На пути от стоянки к парашютной Извольский долго шел молча рядом с Лютровым и наконец спросил:
— Почему не перевел работающий двигатель на форсаж, а решил запускать второй?
— Перед началом работы форсажных камер, как ты знаешь, двигатель на несколько секунд теряет тягу.
Но Извольский знал, что, если бы второй двигатель раскрутился секунд на десять позже, они были бы на земле.
— На несколько секунд больше шансов, Витюль, только и всего, — сказал Лютров, угадав его сомнения.
До Нового года сделали шестнадцать полетов. Они были необходимы для того, чтобы перед главной работой — доводкой автоматики в системе управления — избавиться от побочных случайностей.
За две недели до праздника «девятку» закатили в ангар для установки экспериментальной аппаратуры.
Из транспортного рейса перед Новым годом они с Извольским вернулись затемно. На базе оставались лишь работники аэродромной службы.

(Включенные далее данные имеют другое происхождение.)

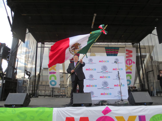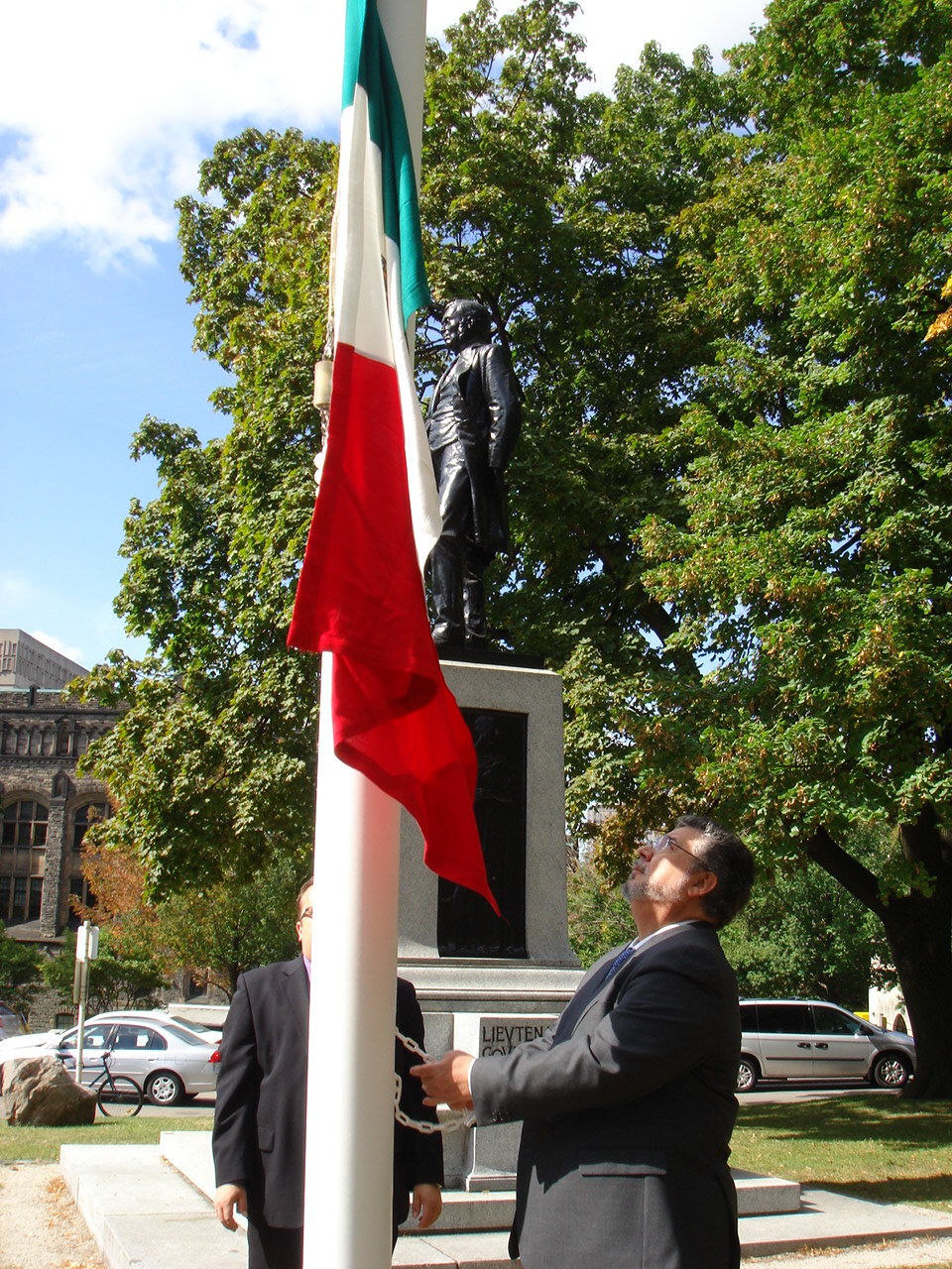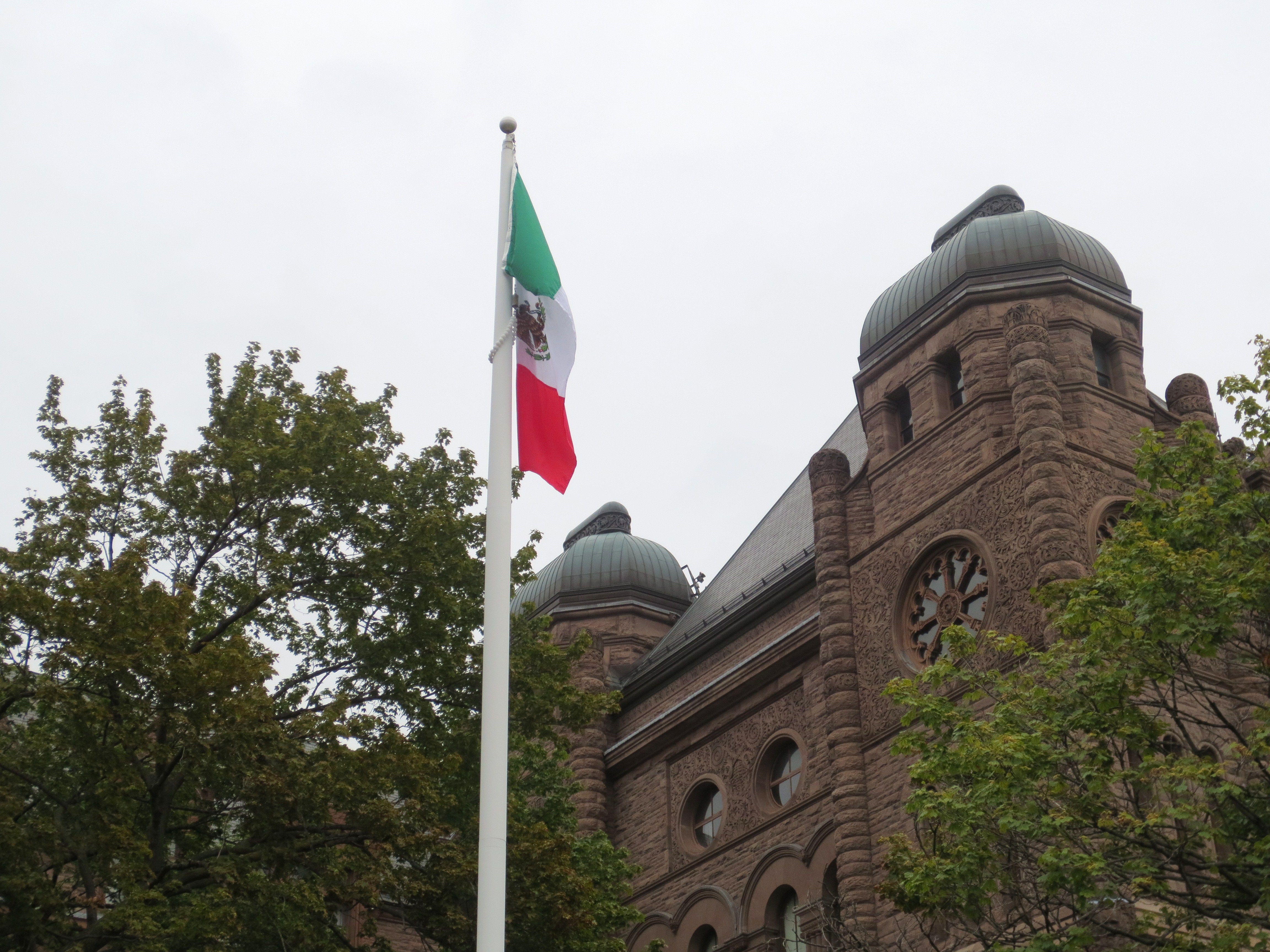 El pasado 14 de septiembre se realizó el izamiento de la bandera de México en el Parlamento de Ontario (Queen´s Park). La ceremonia estuvo presidida por el Cónsul General de México en Toronto, Emb. Mauricio Toussaint, y a ella asistieron personalidades gubernamentales locales, miembros del cuerpo consular en Toronto, académicos, empresarios, periodistas y representantes de la comunidad mexicana.

С полчаса они ждали, пока дежурный диспетчер вызывал автобус, чтобы отвезти их к пригородному поезду.
За окнами комнаты простиралось пустынное в этот час летное поле, опоясанное долгим ожерельем контурных огней. Пухом кружился легкий снег, неслышно осыпаясь на зачехленные ряды самолетов. Прямо под окнами парадной стаей выстроились три «С-14». На килях просматривались номера: 5, 11, 3… Забывшись, Лютров долго смотрел на цепочку огней, утекающих к самому горизонту, и никак не чувствовал, что приближается Новый год.
Были всякие новогодние вечера — шумные, долгие, до самого утра, дома и в ресторанах, такие, к которым старательно готовились и проводимые экспромтом, были и «никакие», когда погода держала тебя на пути к месту работы… Самые веселые праздники устраивал Сергей, и — нет Сергея, почти год как нет. Нет его славной, опоясанной шрамами веселой физиономии, не слышно плутовского «мон женераль», нет его разношерстных гостей.

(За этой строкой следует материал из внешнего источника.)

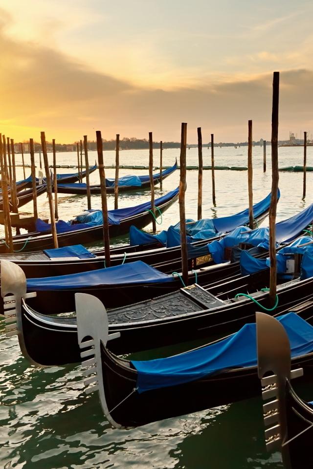 Wallpaper Gondola at sunset in Venice, Italy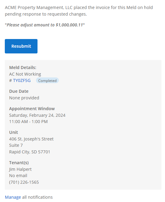 Request Updates/Changes to Invoice (Manager to Vendor)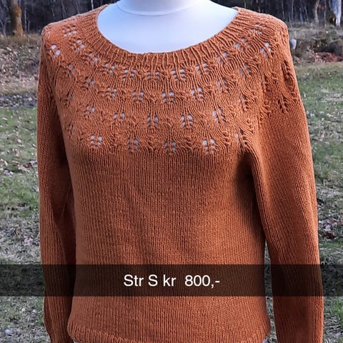 Selger hjemmestrikka genser (Snøløvgenser) i gul/ okergul. Passer str. S/M. Nesten ikke brukt.
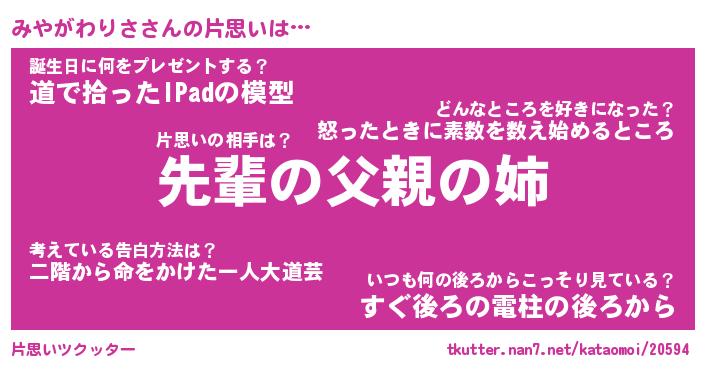 | 男性向けラノベタイトル風あだ名 | 『みやがわりさの憂鬱』 |
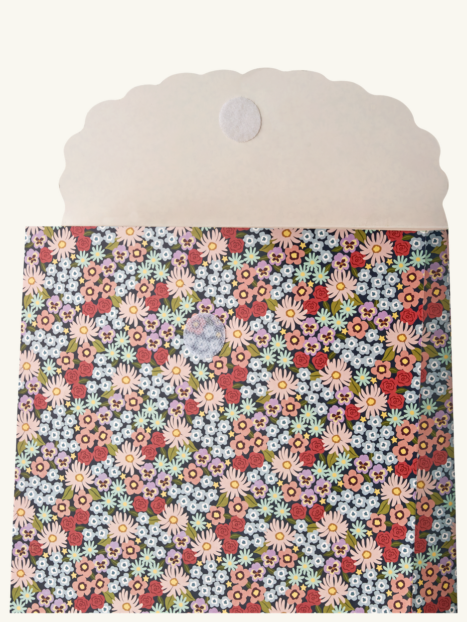 The sisters' envelope gift bag is made of FSC®-certified paper and measures 32 x 24 x 10.5 cm. The gift bag features a hook-and-loop fastener and can thus create joy again and again.
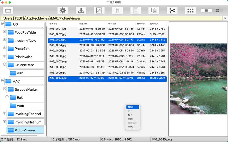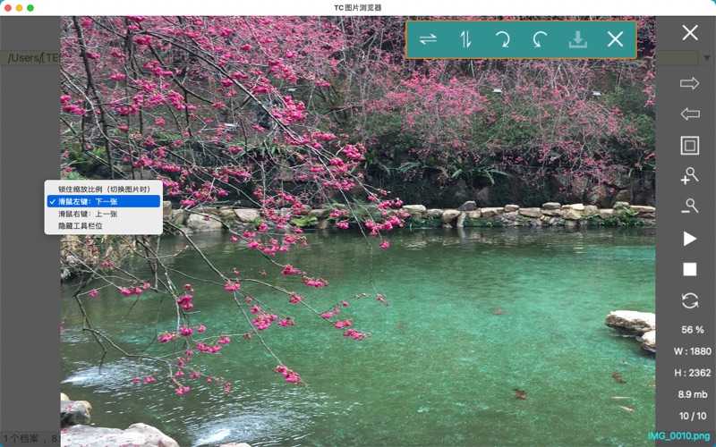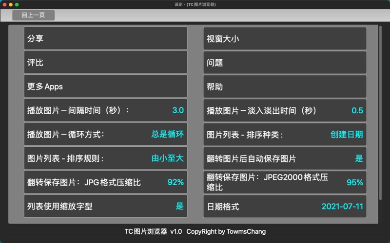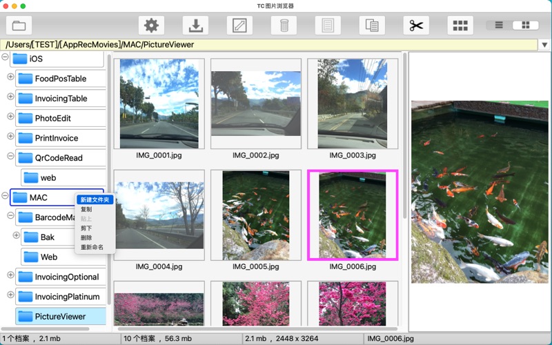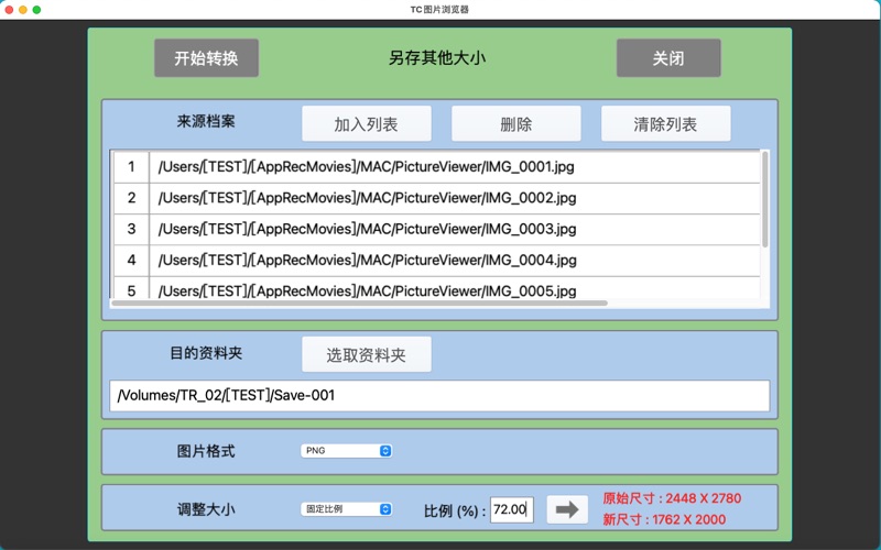- 档案浏览:资料夹 1.按滑鼠右键可跳出选单。 2.资料夹目录树状显示。 3.可新增资料夹并自定义其名称。 4.资料夹可作『剪下』『复制』『贴上』『删除』『更名』等功能。 5.介面颜色支持暗黑模式。 - 档案浏览:图片列表 1.支持图片种类:PNG,JPEG,JPG,JPEG2000 (JP2),GIF,BMP,TIFF。 2.可切换『资讯或缩图』列表显示。 3.可调整缩图的大小和每行的显示数量。 4.档案可作选取,滑鼠拖拉可多数选取,或按Command+点击档案或缩图做复选。 5.选取後可执行『剪下』『复制』『贴上』『删除』等功能。 6.档案更名:资讯模式时,点击档案,再点一次档案名称,等一秒即可作更名。 7.档案更名:缩图模式时,点击缩图,按滑鼠右键,选『更名』。 8.连续点2次档案或缩图或点击右侧之预览图,可跳出图片观看视窗。 9.支持自由调整『资料夹』『图片列表』『预览视窗』之宽度。 10.资料夹开启之历史记录功能。可依据历史纪录快速开启资料夹。 11.资料夹路径收藏功能。可将常用的资料夹路径加入收藏列表,快速开启资料夹。 - 图片观看 1.单键切换图片之适合萤幕大小,与图片之原始大小。 2.单键切换下一张或上一张图片,与图片放大缩小功能。 3.显示图片相关资讯。 4.支持滑鼠滚轮之图片放大缩小功能。 5.图片放大超过视窗大小,可使用滑鼠位移图片。 6.可隐藏工具栏,支持滑鼠快速切换下一张或上一张图片(滑鼠右键功能选单)。 7.可作图片连续播放,并可设置播放的间隔时间。 8.支持全萤幕显示。 9.GIF图片支持动画显示。 10.图片翻转:向右翻转90度,向左翻转90度,左右翻转,上下翻转。 11.图片翻转:可设置图片翻转後是否自动储存。 12.使用Finder时,支持用外部程序打开图片,支持多选图片传入并开启。 - 图片格式转换 1.支持转换图片种类:PNG,JPEG,JPG,JP2,GIF,BMP,TIFF。 2.JPG类型可选压缩比率。 3.多档选取: A:图片列表下,圈选多档案,按上方之图片格式转换,即可将选取之档加入转换列表。 B:按『加入列表』,选择欲转换之图片。 4.待转换之列表可作单列删除,或全部清除。 5.可以选择转换後要存储的文件夹。 6.支持多个文件的连续转换。 - 图片大小转换 1.操作方式同『图片格式转换』。 2.调整图片大小: A:固定大小,输入图片的宽度及长度。 B:固定比率:输入比率(%),100为原图大小,支持小数点,按右边之箭头可试算出转换後之图片大小(仅提示第一张之资讯)。 - 修正显示介面 (macOS Sonoma)。 - 新视窗图片:调整预设视窗大小。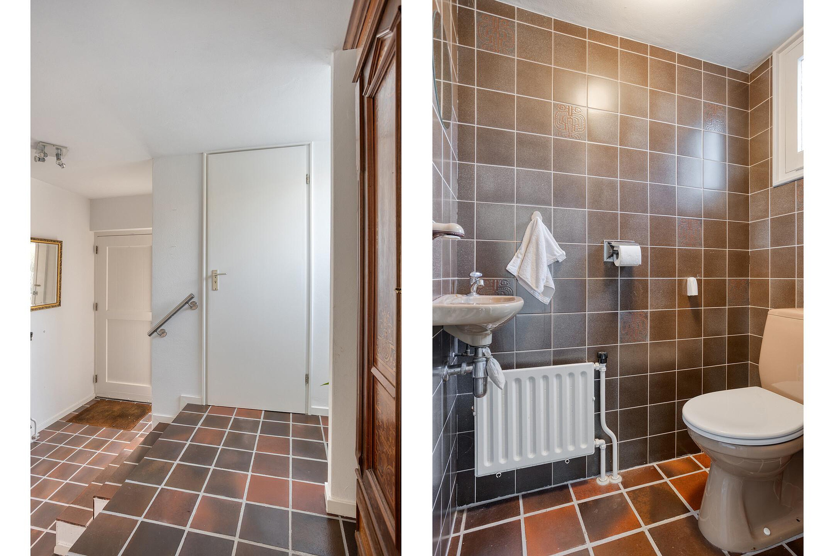 - Voordeur en toiletraampje van Meranti houten kozijnen met gehard sierglas;

А Новый год — вот он, и все идет, как всегда на этой земле, как должно быть. В витринах магазинов, на площадях больших и маленьких городов, в руках детей и взрослых поблескивает так нужная и в эти дни елочная мишура. Искрящее, мерцающее пришествие яркого в домах — как вселение надежды, как обряд укрощения будущего, вызов духов счастья, в которое так верится под Новый год. Ни один праздник не рождает столько улыбок. Мир улыбается, — кажется, что и сама разряженная планета ярче светится.
Уезжая в отпуск, Гай-Самари сказал, что Старик наметил Лютрова ведущим летчиком модернизированного «С-14», его уже клепают на заводе. «Большая механизация крыла, скорость за два маха». Гай явно был рад за него.
Вспомнив об этом сейчас, в тишине комнаты отдыха, он не почувствовал ни волнения, ни радости, с какой когда-то готовился поднимать «С-04». Усталость? Или прав Чернорай, громкая работа идет молодым?..
На бильярде сам с собой играл Извольский. Он яростно бил по шарам, и они метались по столу, обегая лузы.
— Кому не везет, тебе или не тебе?
— Хрен редьки не слаще… Зато в любви — обоим. Слушай, Леш, есть идея — встретить Новый год вдали от шума городского. Разделяешь?
— Где же?
— На даче моих стариков, в Радищеве?
— Сам придумал?
— Томка. А что? По-моему, мысль, достойная кисти Айвазовского.
— Да там небось холод собачий?
— Не боись, климат беру на себя. Ты в принципе решай.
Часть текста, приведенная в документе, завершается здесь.